The hurt I feel when someone leaves the bus seat next to mine for a newly empty one is almost exactly equal to my annoyance when they don’t.
Donating blood gets complicated when it’s not yours. So many questions.
Went to work without a drop of makeup on… walked by a mirror and said good morning thinking that was someone else.
[in a bar]
Him: Trouble is my middle name.
Me: wow… That’s a stupid middle name. You must hate your parents.Him: *breaks down crying
If I were a wrestler, my fighting name would be Pain Austen.
“Very colorful, fun. I’d put it in my mouth”
“A bit scary, seems sharp. Still, I’d put it in my mouth”
-Baby reviews of stuff on the floor
I’m single and proud of it!
* Flips hair
* Trips over cat
Me: Would you bring me the mattress cover off your bed?
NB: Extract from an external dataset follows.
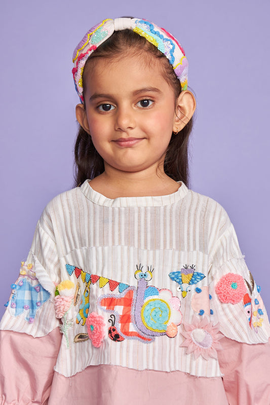 Fly High Pink Cotton Hand Embroidered Kids Dress

Son: *looks puzzled* The what?
Me: The mattress cover. The quilted looking sheet.
Son:
Me: The final boss sheet at the bottom.
Son: Oh that.
Doctor said if I have a vasectomy I wouldn’t have any kids, had the operation, got home, they’re still there
Financial Advisor: You should think about diversifying your assets.
Me: You mean like buying shorts that aren’t cargo?
My jeans aren’t too small, they’re my compression pants.
me: [throws bouquet]
florist: are you gonna buy something
Tinder but it matches people that don’t know what they want for dinner with people who will decide what they get for dinner.
My son can play any song by ear on the piano.
I can sort items for the recycling bin.
Catch a spark… Set the world on fire!
– Incinerational Tweet
DEATH STAR BARISTA: How do you want your coffee?
VADER: On the dark side.
DEATH STAR BARISTA: Debit? Cash?
VADER: Star bucks.
“That’s how kids get money. Loose teeth and chores.” -6yo niece schooling 4 on the way the world works
I’ve seen enough episodes of Dateline to know never to stand near a cliff while letting Hubs take my picture.
Drake: you used to call me on my cell phone
Me: that’s what cell phones are for
My friend is really mad that the same team keeps winning her local pub quiz so she’s recruiting literally everyone can think of to join hers because they don’t have team size limits, and I can’t wait for her to become the reason they implement team size limits.
“What do you see in him?”
– me to the x-ray tech imaging my kid
Autocorrect changed “you flatter me” to “you flatten me” and shit just got really weird.